Leaving the images out, output each entry below exactly.

[Entries taken from a collection]
===============

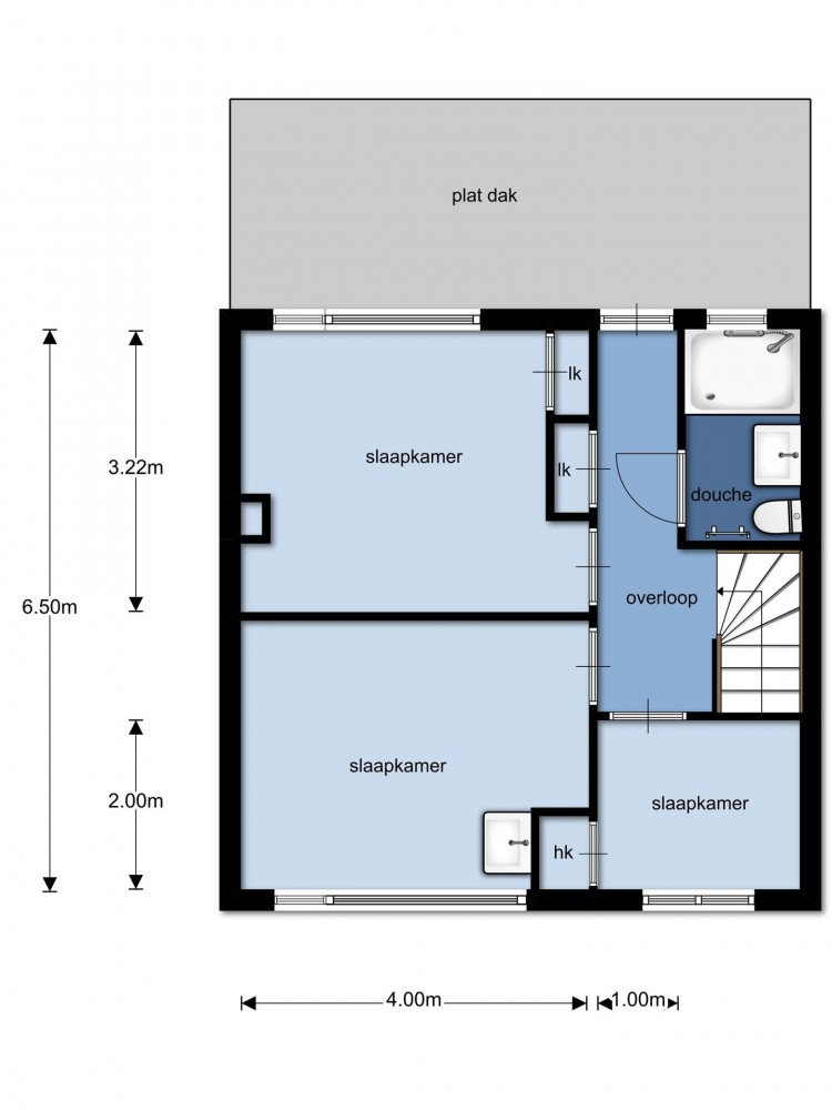 Via de overloop heb je toegang tot het dakterras aan de achterzijde.
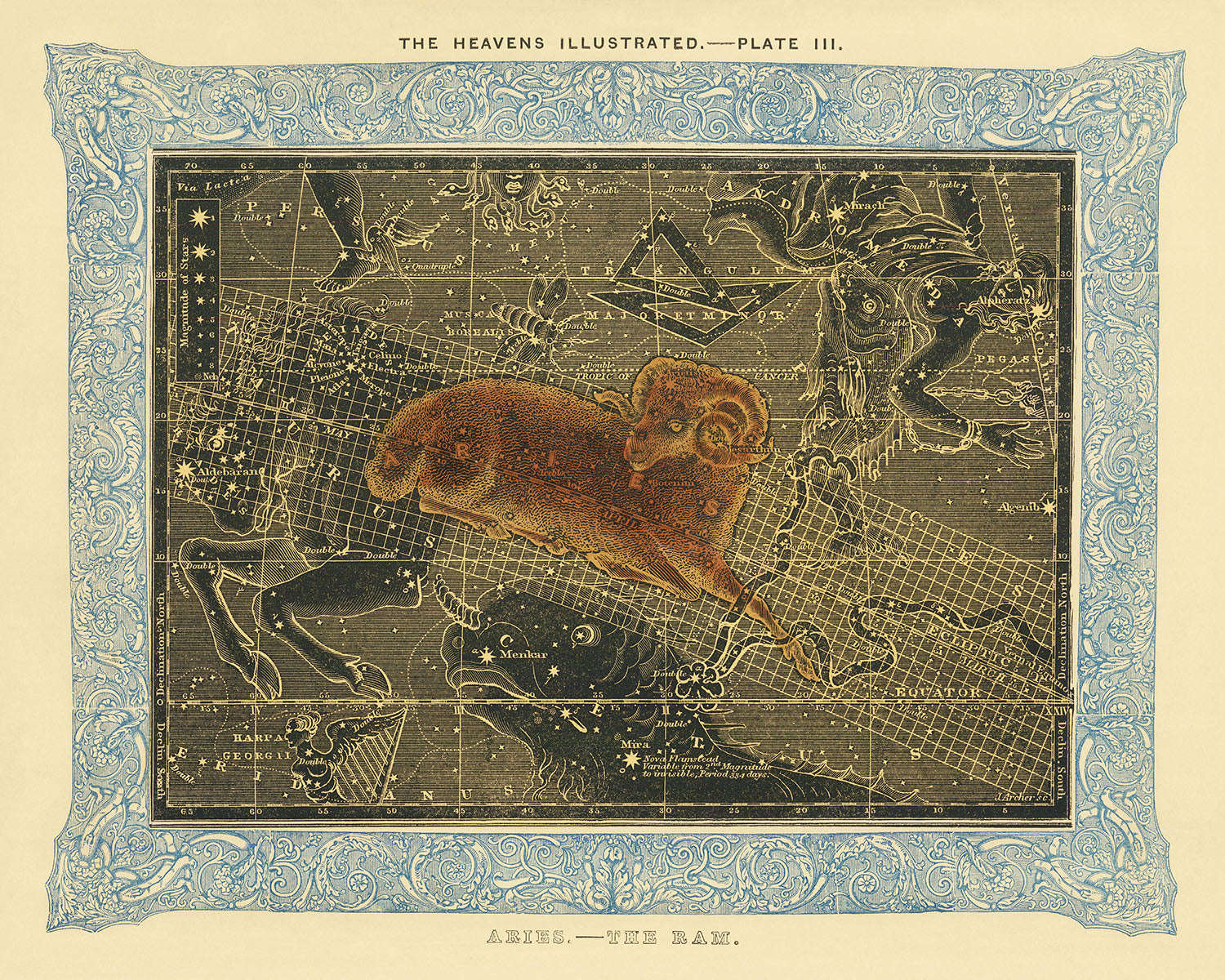 Die Verwendung von Handkolorierung in dieser Sternenkarte verleiht der Darstellung des Widders eine reiche, taktile Qualität. Die sorgfältige Farbgebung und detaillierte Illustration des Sternbildes zeigen die Kunstfertigkeit und Präzision der damaligen Zeit. Den Druck dieses Werkes zu besitzen, bringt ein Stück historischer und wissenschaftlicher Kunst in Ihr Zuhause, sodass Sie sowohl die ästhetischen Merkmale als auch die Bedeutung in der Geschichte der Astronomie schätzen können.
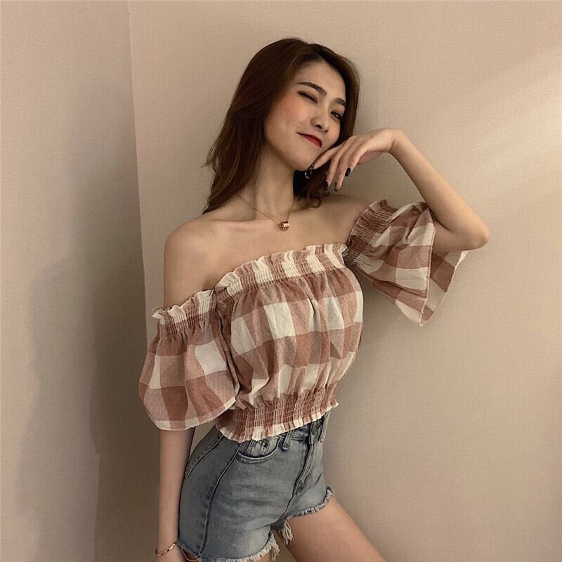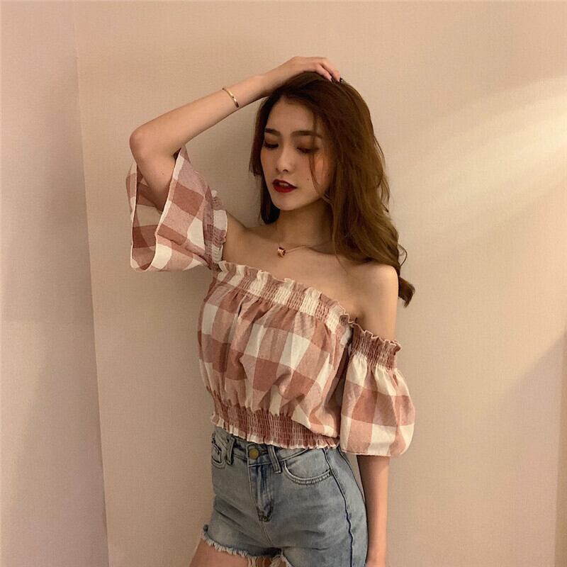 2020年夏の新しいセクシーなワンラインネックストラップレスレトロチェック柄シャツ女性シックなハイウエストスリムオールマッチトップ 1号婦人46410239175
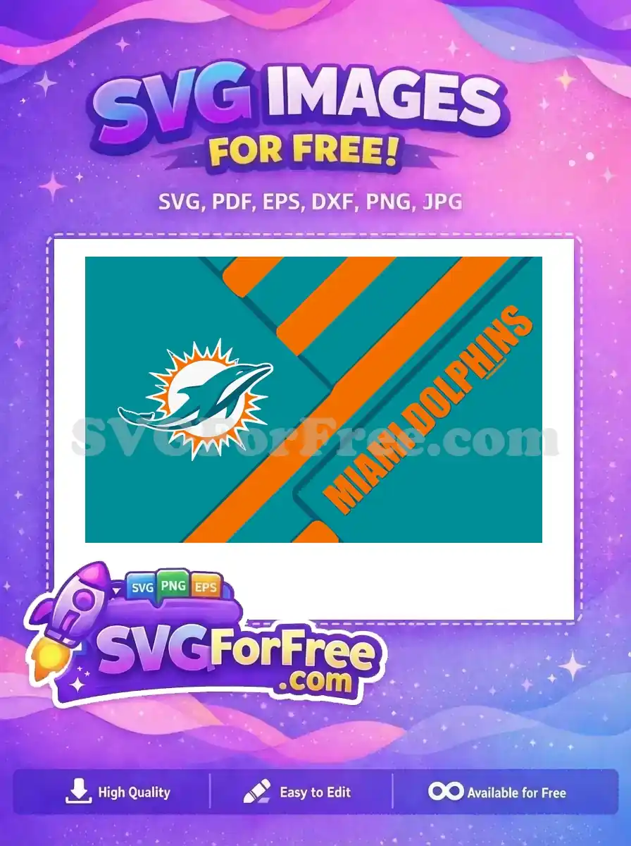 The Miami Dolphins logo set against a striped aqua and orange background. A vibrant, free sports graphic.
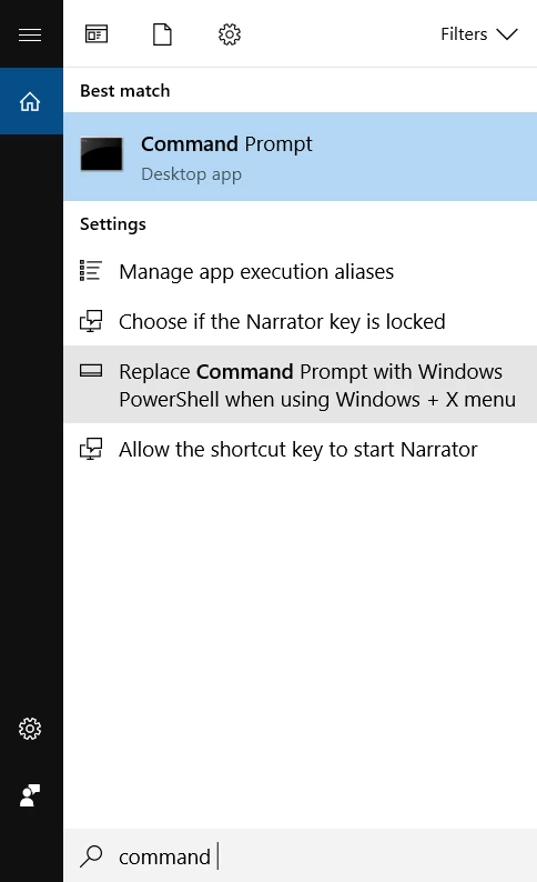 Pavyzdžiui, naudojant Windows operacinę sistemą, atidarysime Command Prompt programėlę.

===============

◆ Answer space
 Via de overloop heb je toegang tot het dakterras aan de achterzijde.
 Die Verwendung von Handkolorierung in dieser Sternenkarte verleiht der Darstellung des Widders eine reiche, taktile Qualität. Die sorgfältige Farbgebung und detaillierte Illustration des Sternbildes zeigen die Kunstfertigkeit und Präzision der damaligen Zeit. Den Druck dieses Werkes zu besitzen, bringt ein Stück historischer und wissenschaftlicher Kunst in Ihr Zuhause, sodass Sie sowohl die ästhetischen Merkmale als auch die Bedeutung in der Geschichte der Astronomie schätzen können.
 2020年夏の新しいセクシーなワンラインネックストラップレスレトロチェック柄シャツ女性シックなハイウエストスリムオールマッチトップ 1号婦人46410239175
 The Miami Dolphins logo set against a striped aqua and orange background. A vibrant, free sports graphic.
 Pavyzdžiui, naudojant Windows operacinę sistemą, atidarysime Command Prompt programėlę.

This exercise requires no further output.